No. Article 1(5) is the boundary rule: the Data Act complements EU data-protection and privacy law, and GDPR rules prevail where personal-data protection conflicts with a Data Act access or sharing step. The Data Act is therefore not a shortcut around GDPR purpose limitation, lawful basis, special-category conditions, transparency, minimisation, security, or data-subject rights.

The practical consequence is that a Data Act request should be split into at least two questions: what product or related-service data is in Data Act scope, and what GDPR condition allows the personal-data part to be processed or disclosed. Non-personal data can often proceed under the Data Act while personal data is limited, separated, anonymised, or routed through a GDPR process.

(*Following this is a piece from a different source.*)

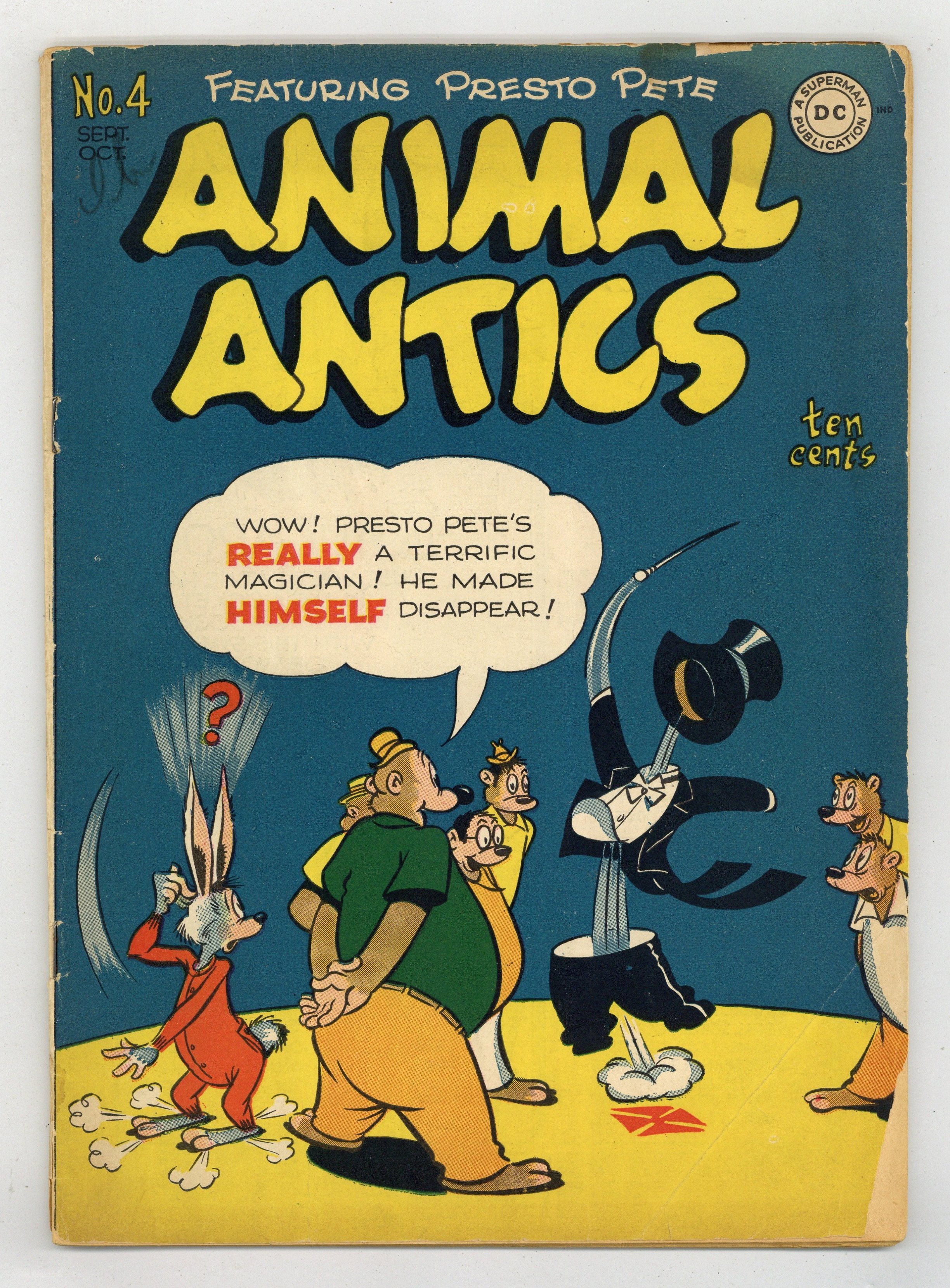 Untitled Presto Pete story, art by Ed Dunn; Pete travels to the Arctic and tries to help a polar bear feel warm for the first time in his life. Untitled Sheriff Corky story, art by Rube Grossman; The Sheriff manages to arrest Grizzly Gus for his frequent gold robberies. Untitled Eager Beaver, art by Otto Feuer; Eager Beaver tries out his ideas on child-rearing when he babysits a little brat. Untitled The Tortoise and the Hare story, art by Rube Grossman; Harry thinks that Throckmorton can't swim, so he challenges him to a race down the river. Gone Fishing starring Skooky, art by Otto Feuer. Untitled Walrus Whopper story. Untitled Goofy Goose, Inventor story, art by Rube Grossman. Untitled Raccoon Kids story, art by Otto Feuer. 52 Pages, Full Color. Cover price $0.10.

- Treat the Data Act as the access-and-sharing regime for connected-product and related-service data, not as a GDPR lawful basis.
- Escalate any personal-data element to the privacy owner before disclosure to a user, third party, or public body.
- Document the split between non-personal data, personal data relating to the requesting user, and personal data relating to other people.

Sources for this answer:

- [Regulation (EU) 2023/2854 (Data Act)](https://eur-lex.europa.eu/eli/reg/2023/2854/oj/eng?ref=sorena.io) - Article 1(5) and Recital 7 establish that EU personal-data and privacy law remain controlling when personal data is processed under the Data Act.
- [European Commission - Data Act FAQs v1.4](https://ec.europa.eu/newsroom/dae/redirection/document/108144?ref=sorena.io) - The Commission FAQ states that the GDPR is fully applicable to personal-data processing under the Data Act.

## How should mixed datasets be handled under the Data Act for GDPR Personal Data Overlap implementation evidence?

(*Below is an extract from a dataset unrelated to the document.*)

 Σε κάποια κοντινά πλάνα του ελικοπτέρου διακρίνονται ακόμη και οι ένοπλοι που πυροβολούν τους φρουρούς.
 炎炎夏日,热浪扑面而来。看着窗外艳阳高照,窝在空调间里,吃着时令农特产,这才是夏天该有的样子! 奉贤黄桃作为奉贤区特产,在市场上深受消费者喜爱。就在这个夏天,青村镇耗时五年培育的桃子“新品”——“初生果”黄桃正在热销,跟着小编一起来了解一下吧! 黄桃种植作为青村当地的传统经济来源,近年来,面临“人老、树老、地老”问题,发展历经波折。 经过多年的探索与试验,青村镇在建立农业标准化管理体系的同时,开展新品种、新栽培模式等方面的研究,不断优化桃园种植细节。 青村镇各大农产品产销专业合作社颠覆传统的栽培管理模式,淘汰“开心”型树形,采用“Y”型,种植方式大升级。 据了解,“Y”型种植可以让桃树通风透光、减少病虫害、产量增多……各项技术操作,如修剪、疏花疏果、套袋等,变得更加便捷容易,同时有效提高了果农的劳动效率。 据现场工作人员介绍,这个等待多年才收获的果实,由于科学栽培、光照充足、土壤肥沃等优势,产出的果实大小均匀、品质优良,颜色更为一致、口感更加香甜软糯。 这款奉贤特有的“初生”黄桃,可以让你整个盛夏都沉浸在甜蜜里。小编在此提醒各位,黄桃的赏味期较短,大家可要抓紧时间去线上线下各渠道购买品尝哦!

Start with the Data Act scope, then classify the dataset. Chapter II covers raw and pre-processed data generated by the use of a connected product or related service that is readily available to the data holder, including relevant metadata. Commission material explains that this can include personal and non-personal data, and that co-generated IoT data may be difficult to separate.

A mixed dataset should not be treated as all-disclosable or all-blocked. Separate fields, records, time ranges, identifiers, and metadata where possible. Deliver non-personal data and personal data that can be lawfully provided; anonymise, pseudonymise, aggregate, redact, or withhold the rest when GDPR conditions are not met.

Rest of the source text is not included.